= Marilyn Zschau =

American operatic soprano

Marilyn Zschau (born February. 9, 1944) is an American operatic soprano.

Born in Chicago, Zschau attended Juilliard School of Music in New York from 1961 to 1965. She first appeared in the role of Marietta in Die tote Stadt at the Vienna Volksoper in 1967. In 1971 she appeared in the role of the Composer in Ariadne auf Naxos at the Vienna State Opera. She debuted in the role of Minnie at the New York City Opera in La fanciulla del West in 1978. At the same venue she later appeared as Odabella in Verdi's Attila, and as Maddalena in Andrea Chénier. She made her Metropolitan Opera debut as Musetta in La bohème on February 4, 1985. At La Scala in Milan she appeared as the Dyer's Wife in Die Frau ohne Schatten in 1986. After that she appeared in many major opera houses worldwide.

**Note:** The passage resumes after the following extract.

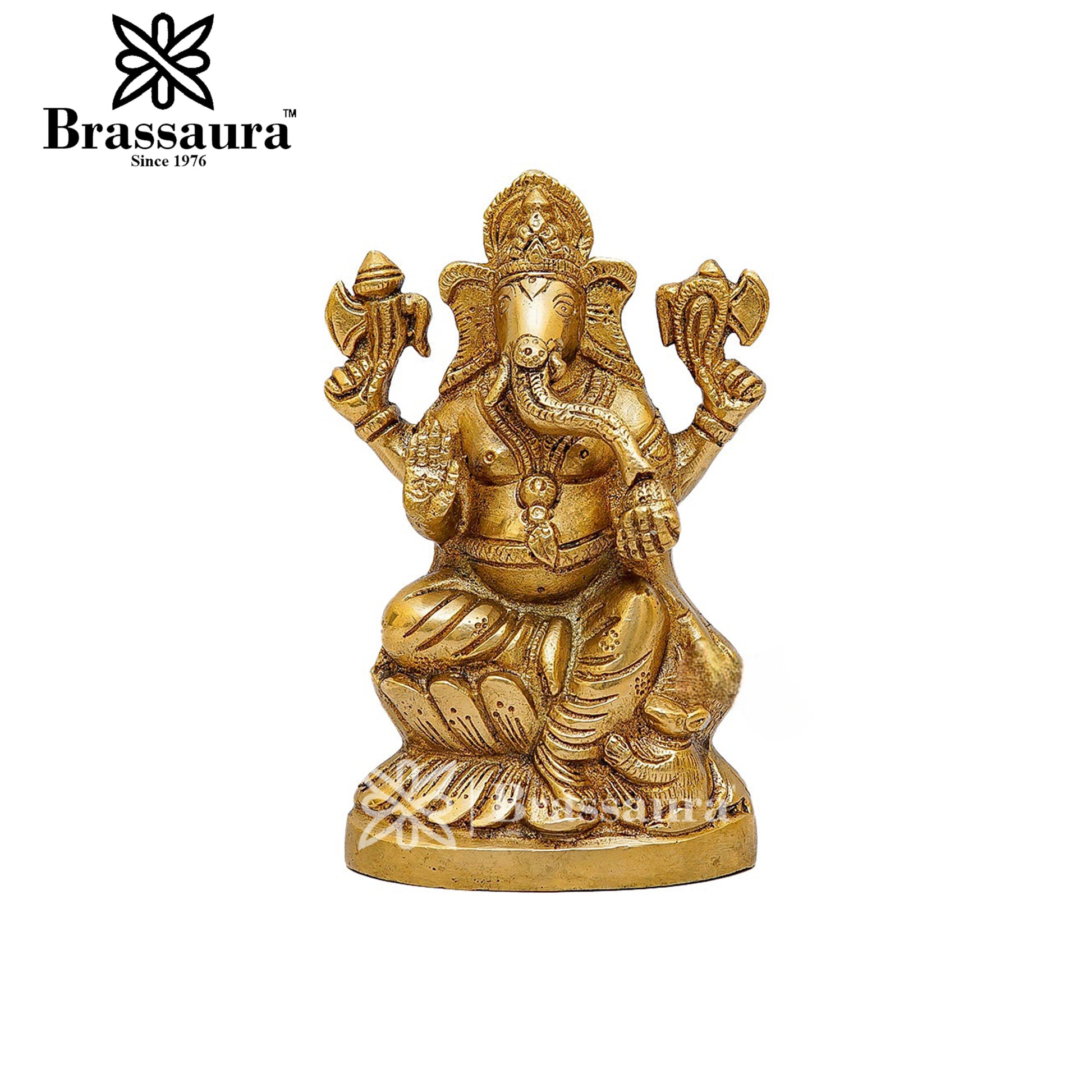 Brassaura™ Brass Ganesha Idol for Home and Decor | Weight 1.1 Kgs | Height 5.8 Inches

In 1993 she performed Richard Strauss's Elektra at the BBC Proms with the BBC Symphony Orchestra conducted by Andrew Davis. In 1995 she appeared at the Seattle Opera as Brünnhilde in Richard Wagner's Ring cycle. In 1996 she again performed as Elektra in Buenos Aires. Throughout her career she performed many prominent roles such as Aida, Tosca, Desdemona, Salome, Marschallin.